“I’m sure she’s fine,” Christian says after I hang up. “Billy can take care of herself.”
I think about the blood. The sound of Olivia’s body hitting the stage.
“It’s okay, Clara,” Christian murmurs. “We’re safe.”
I turn to look out the window. We’re passing a ridge full of wind turbines: tall white windmills, their propellers whirling round and round, cutting the air. The clouds leave shadows as they move between the sun and the earth, like dark creatures roaming the land.
Will we ever be safe again? I wonder.
Christian takes one hand off the wheel and reaches for mine. He rubs his thumb across my knuckles, and it’s supposed to comfort me the way it always does. It’s supposed to fill me with his strength.
But all I feel is weak.
15
PLAYING HOUSE
The place I pointed to on the map ends up being Lincoln, Nebraska. When we get there, we find a hotel. The clerk at the front desk, a round, kind-looking woman in her late fifties, smiles at us like we’re a married couple and leans over the desk to get a peek at Web.
“Oh my, he’s a tiny one,” she says. “How old?”
“Nine days,” I answer, suddenly nervous, and her expression clearly reflects that she thinks nine days is too soon for me to be traveling with a baby, but that’s not her business.
“We’re visiting the in-laws,” Christian says, putting his arm around my waist and pulling me to him like he can’t stand for us to be six inches apart. “It’s not the best arrangement, staying in a hotel, but what can we do? She doesn’t get along with my mother.”
How easily he jumps into this role: devoted husband, sleep-deprived father.
“Believe me, I understand,” says the lady almost slyly. “We have those rolling port-a-cribs. Do you need one?”
“Yes, thank you. You’re a lifesaver,” he answers, and I swear she blushes when he turns on that high-wattage smile of his. He keeps his arm around me as we walk out of the lobby, but as we wait for the elevator, his face goes grim again.
We get Web settled in the port-a-crib next to the bed, and he goes right back to sleep. I guess babies sleep a lot at his age. I 411 the number for the pizza place in Mountain View, hoping to talk to Jeffrey, although who knows what I would say to him. How do you break it to your brother that his girlfriend’s a homicidal black-winged Triplare and she’s just vowed to kill me?
“He’s not here,” Jake says when I ask for Jeffrey. “It’s his day off.”

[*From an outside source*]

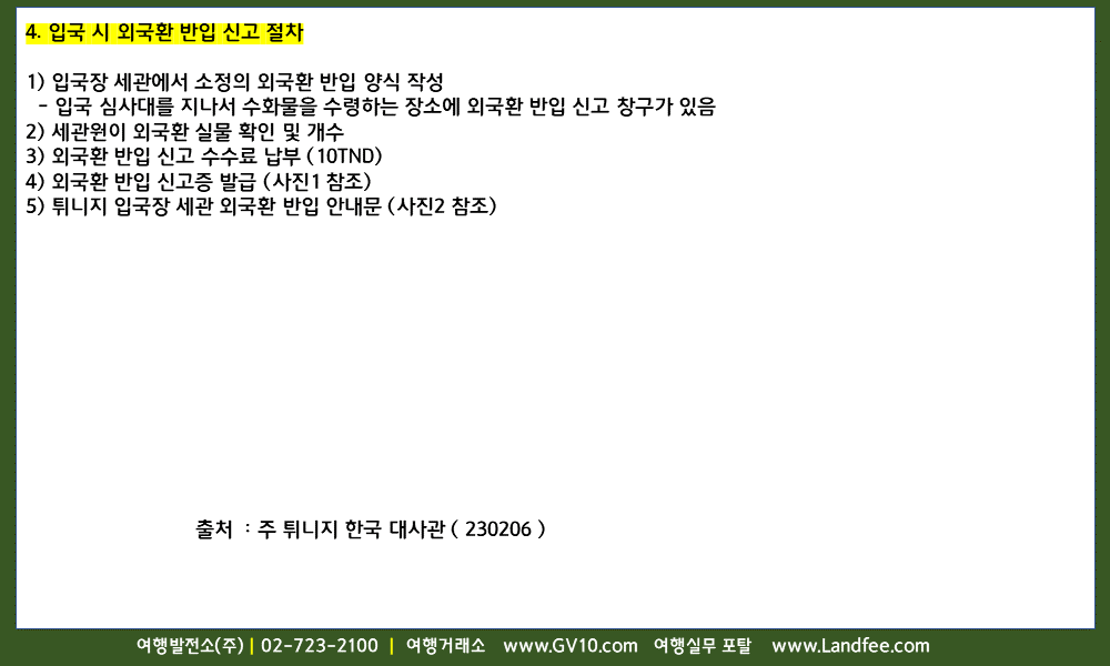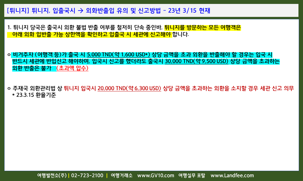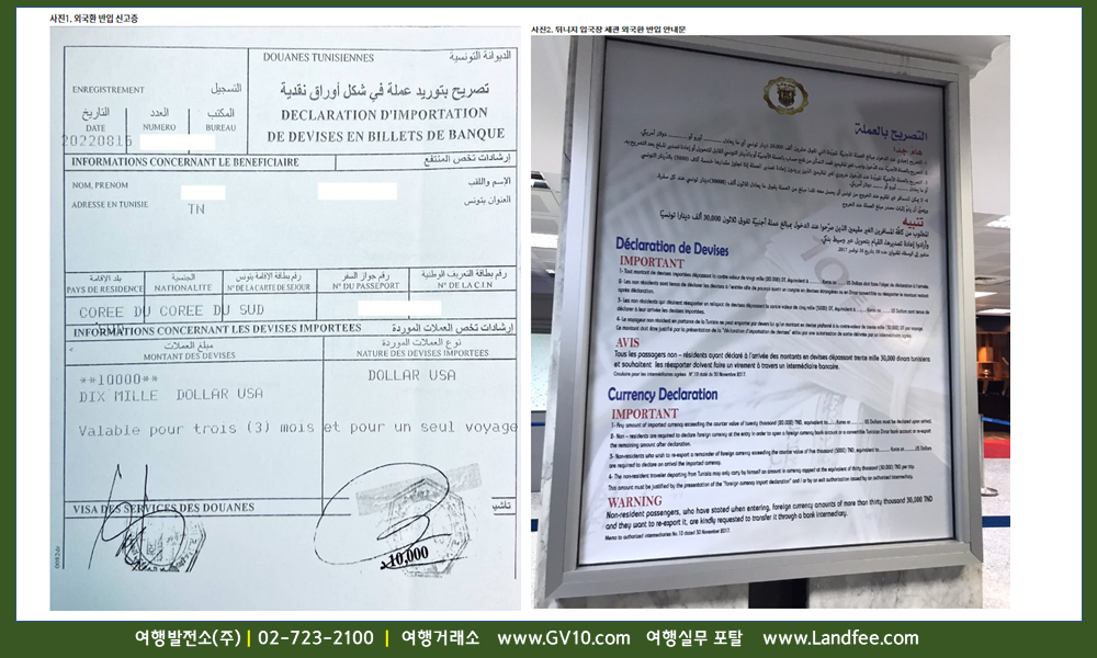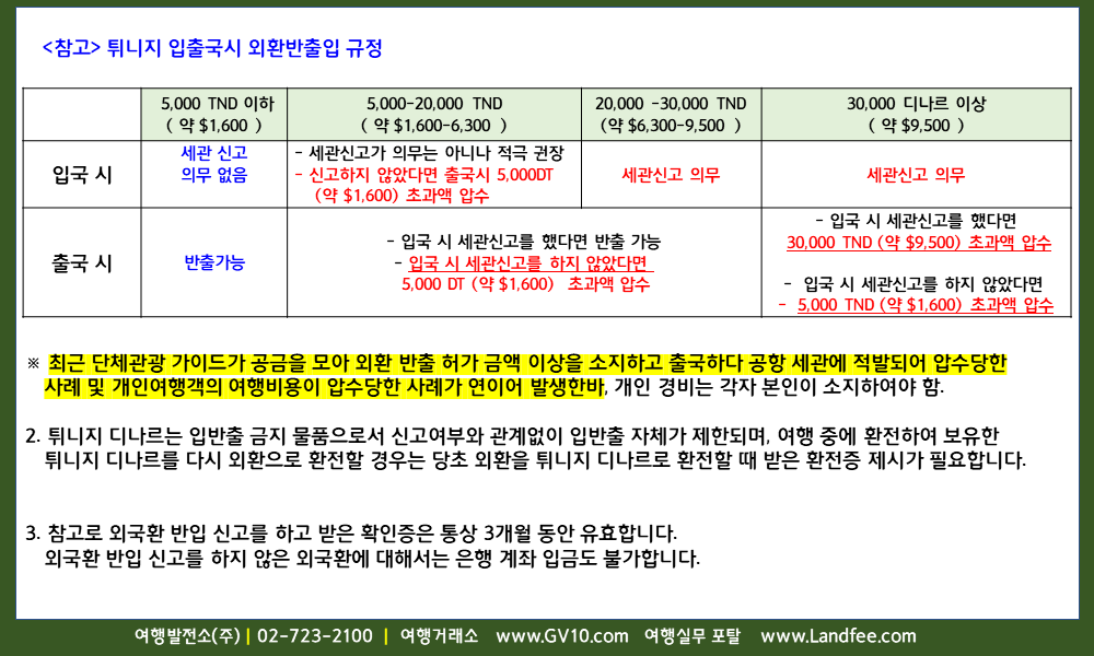 [튀니지] 튀니지, 입출국 시 -> 외화반출입 유의 및 신고방법 - 23년 3/15 현재

“Well, can you tell him to call me?” I say, and he makes a noncommittal noise and hangs up.
I don’t know what else to do.
Christian insists that I take the first shower. I stand under the scalding spray and scrub my skin until it’s raw, getting off the last of Olivia’s blood. As I stand in front of the steam-wiped mirror combing out my hair, my own face seems to accuse me.
Weak.
You didn’t try to save Anna, or to stop them from taking Angela. You didn’t even try.
Coward.
You spent all these hours training to use a glory sword, because your father told you that you’d need it, but when the moment came, you couldn’t even draw it.
Gutless.
I grip the comb so hard my knuckles turn white. I don’t meet my eyes again until my hair is done.
When I open the door, Christian is sitting cross-legged on the single queen bed, staring at the painting on the wall, a picture of a large white bird with long legs and a stripe of red on the top of its head, spreading its wings, its toes touching the water, although I can’t be sure whether it’s taking off or touching down.
Failure, I think, remembering my inability to so much as conjure my wings at the Garter. Even at something as simple as flying. I’ve failed.